**Aim of the exercise**
Write again exactly the lines in the listing below, starting at the line with "GIRLS 時髦亮色 設計感 長袖襯衫(藍/棕/紫)" and ending at the line with "百合外国语小升初真题集(语文+英语)", both included. Pictures are not copied.

**Extracted information**
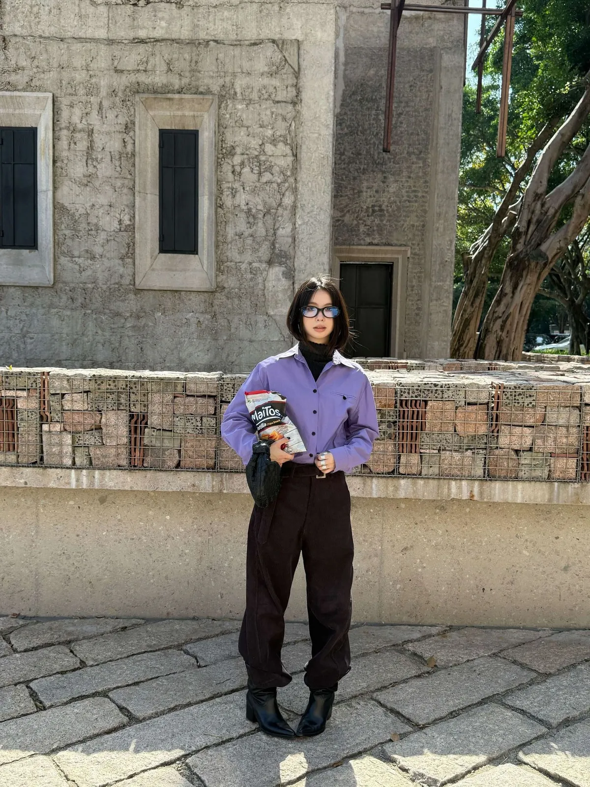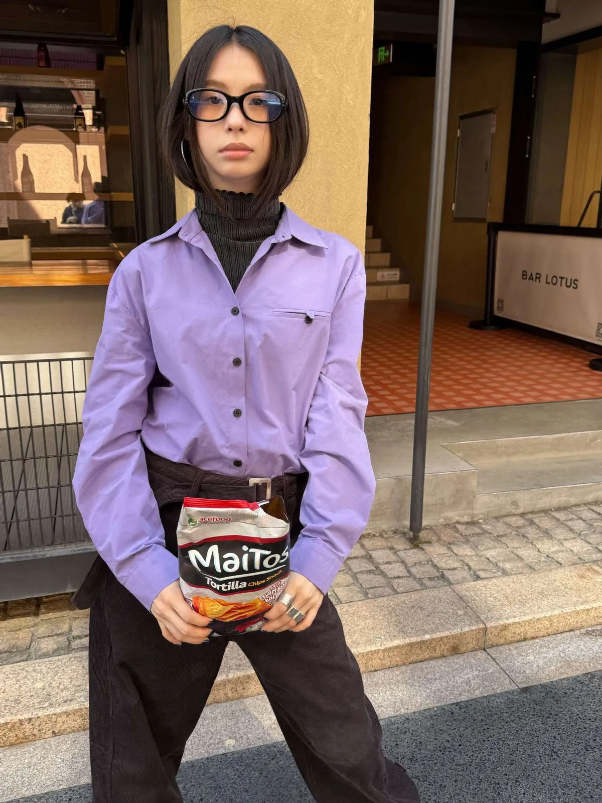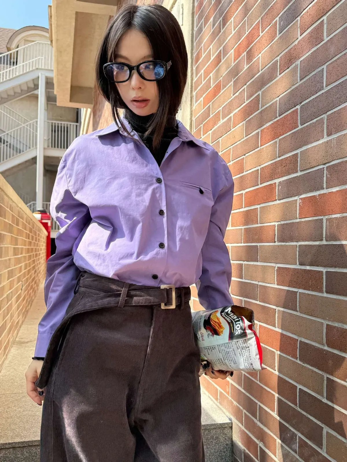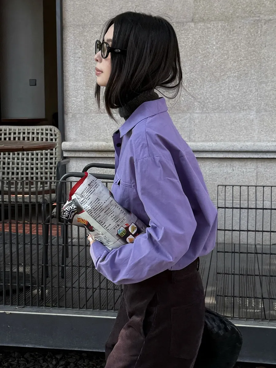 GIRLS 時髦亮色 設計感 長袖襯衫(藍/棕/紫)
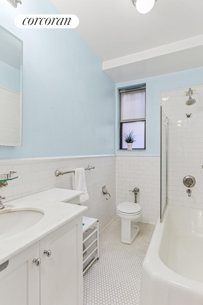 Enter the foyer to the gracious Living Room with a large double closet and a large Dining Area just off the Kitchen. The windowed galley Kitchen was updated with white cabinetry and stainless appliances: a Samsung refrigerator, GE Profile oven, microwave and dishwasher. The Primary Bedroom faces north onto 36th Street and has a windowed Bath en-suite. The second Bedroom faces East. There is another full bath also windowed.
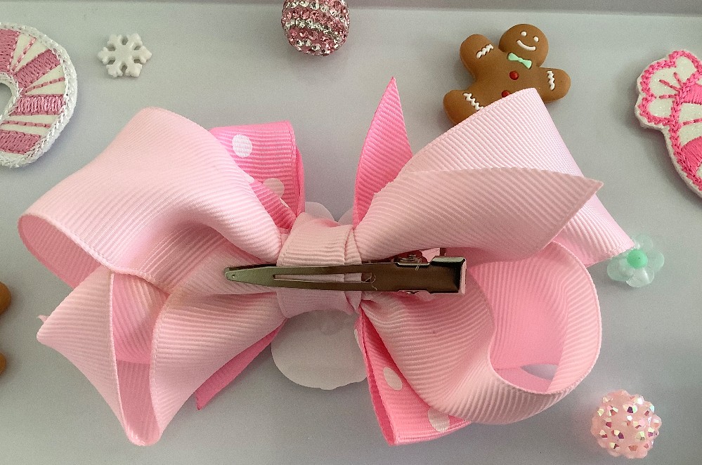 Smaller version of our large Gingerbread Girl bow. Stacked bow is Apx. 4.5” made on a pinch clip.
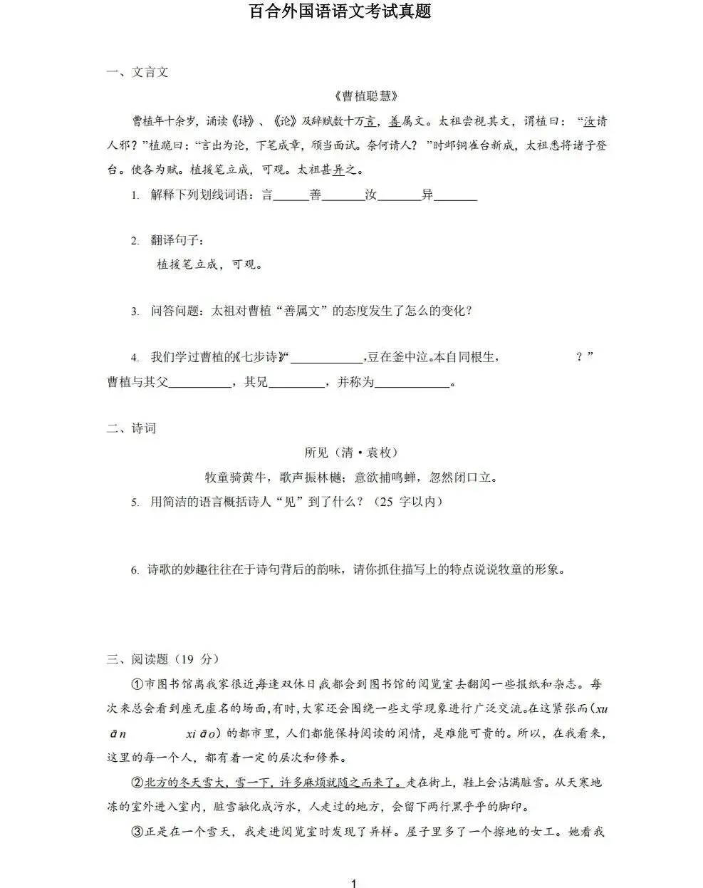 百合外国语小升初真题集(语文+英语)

* * *

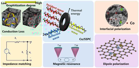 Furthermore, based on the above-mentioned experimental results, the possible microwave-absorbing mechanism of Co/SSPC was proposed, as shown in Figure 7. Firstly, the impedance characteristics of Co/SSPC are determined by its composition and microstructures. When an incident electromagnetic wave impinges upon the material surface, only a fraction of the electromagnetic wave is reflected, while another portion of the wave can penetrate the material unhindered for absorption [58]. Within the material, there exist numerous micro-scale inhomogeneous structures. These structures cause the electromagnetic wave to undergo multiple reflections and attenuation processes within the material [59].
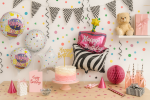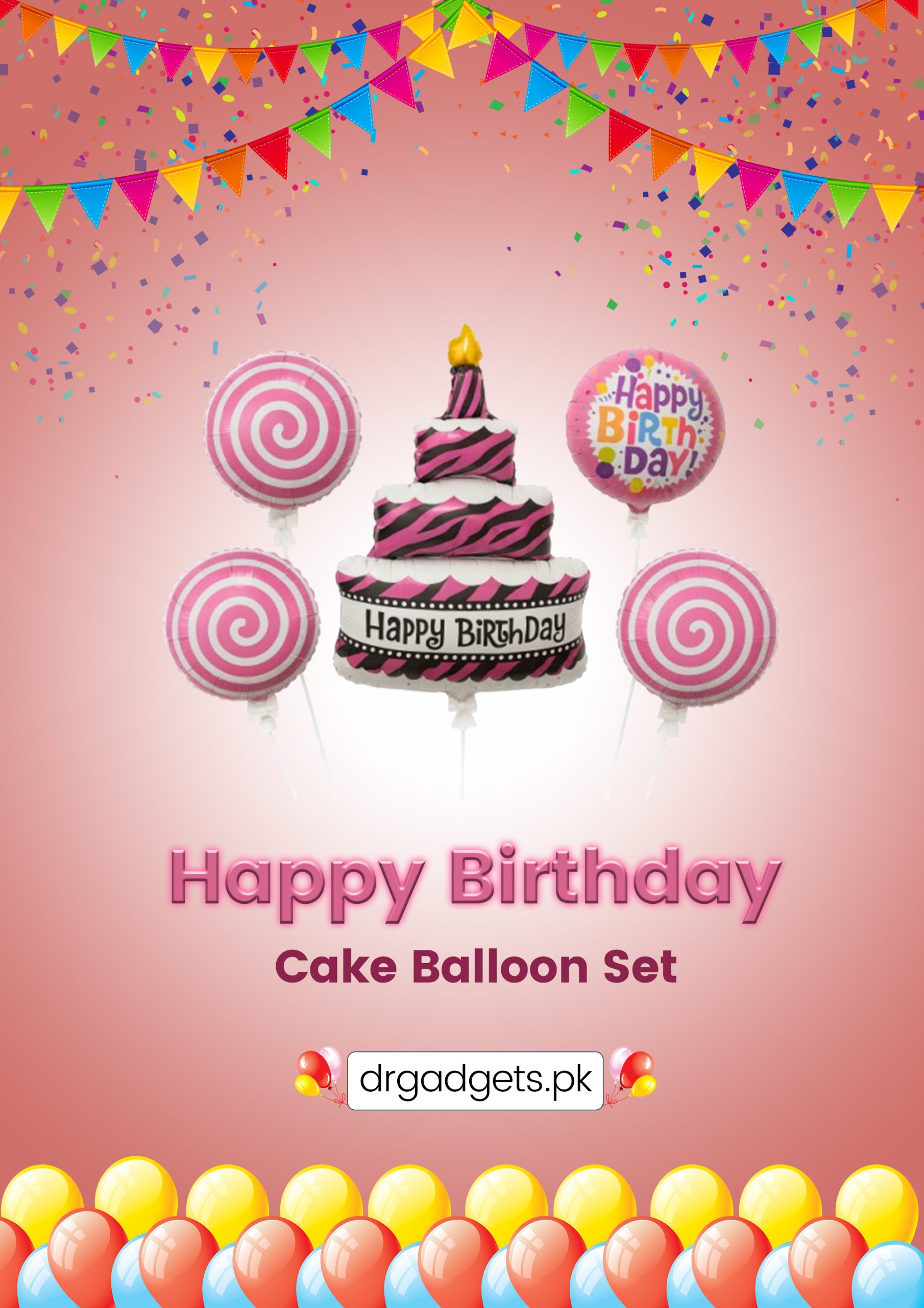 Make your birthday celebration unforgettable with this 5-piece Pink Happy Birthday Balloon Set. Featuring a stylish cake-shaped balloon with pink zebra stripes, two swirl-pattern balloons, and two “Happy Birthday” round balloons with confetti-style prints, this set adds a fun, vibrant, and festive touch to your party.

**Solution below**
 GIRLS 時髦亮色 設計感 長袖襯衫(藍/棕/紫)
 Enter the foyer to the gracious Living Room with a large double closet and a large Dining Area just off the Kitchen. The windowed galley Kitchen was updated with white cabinetry and stainless appliances: a Samsung refrigerator, GE Profile oven, microwave and dishwasher. The Primary Bedroom faces north onto 36th Street and has a windowed Bath en-suite. The second Bedroom faces East. There is another full bath also windowed.
 Smaller version of our large Gingerbread Girl bow. Stacked bow is Apx. 4.5” made on a pinch clip.
 百合外国语小升初真题集(语文+英语)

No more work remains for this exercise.